Work instruction
Your copy should repeat the data that follows exactly and contain no image.

Stored data
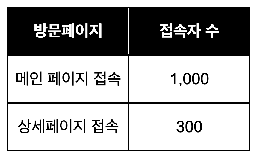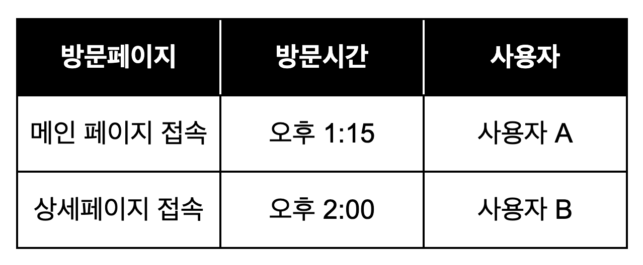위 표를 보면, 사용자A가 메인페이지에 오후 1:15에 접속했다는 것을 알 수 있죠. 위와 같은 웹로그가 1,000개 정도 쌓였다고 가정해보면 메인페이지 접속자 수와 상세페이지 접속자 수를 알 수 있게 돼요.
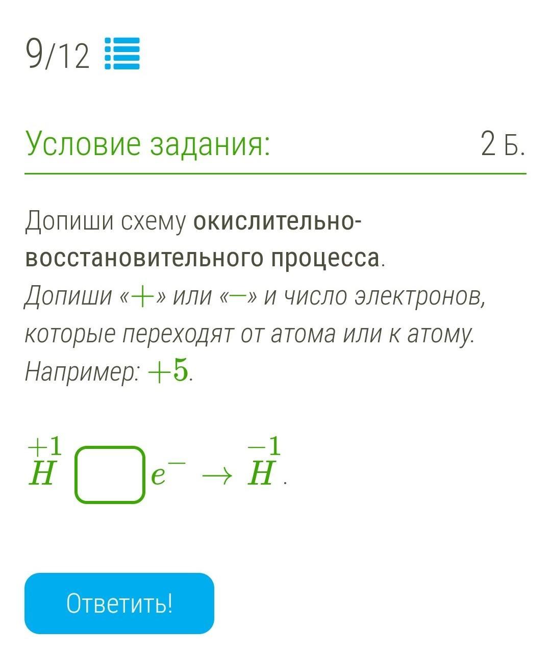 Допиши «+» или «–» и число электронов, которые переходят от атома или к атому. Например: +5.
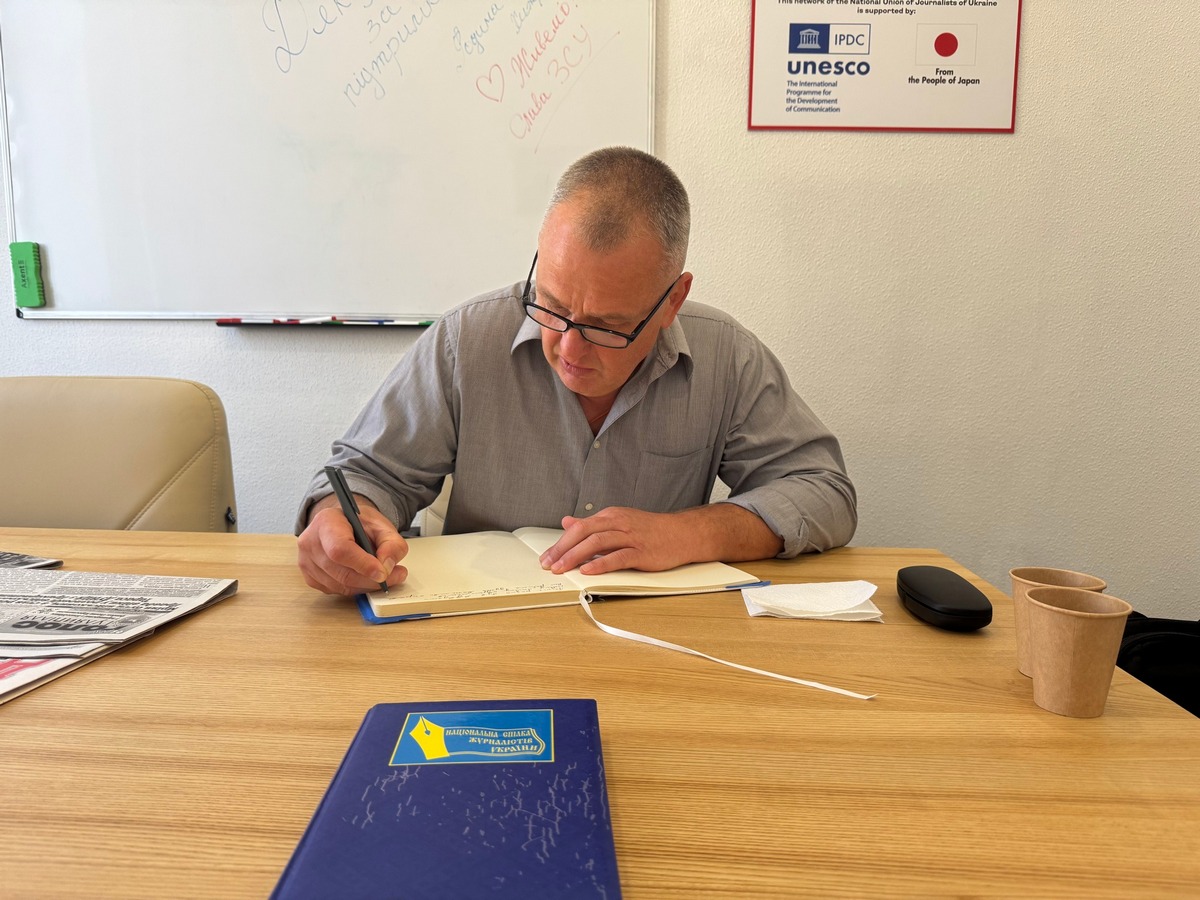 Владислав Єсипенко під час відвідання офісу НСЖУ. Фото: НСЖУ

Response
위 표를 보면, 사용자A가 메인페이지에 오후 1:15에 접속했다는 것을 알 수 있죠. 위와 같은 웹로그가 1,000개 정도 쌓였다고 가정해보면 메인페이지 접속자 수와 상세페이지 접속자 수를 알 수 있게 돼요.
 Допиши «+» или «–» и число электронов, которые переходят от атома или к атому. Например: +5.
 Владислав Єсипенко під час відвідання офісу НСЖУ. Фото: НСЖУ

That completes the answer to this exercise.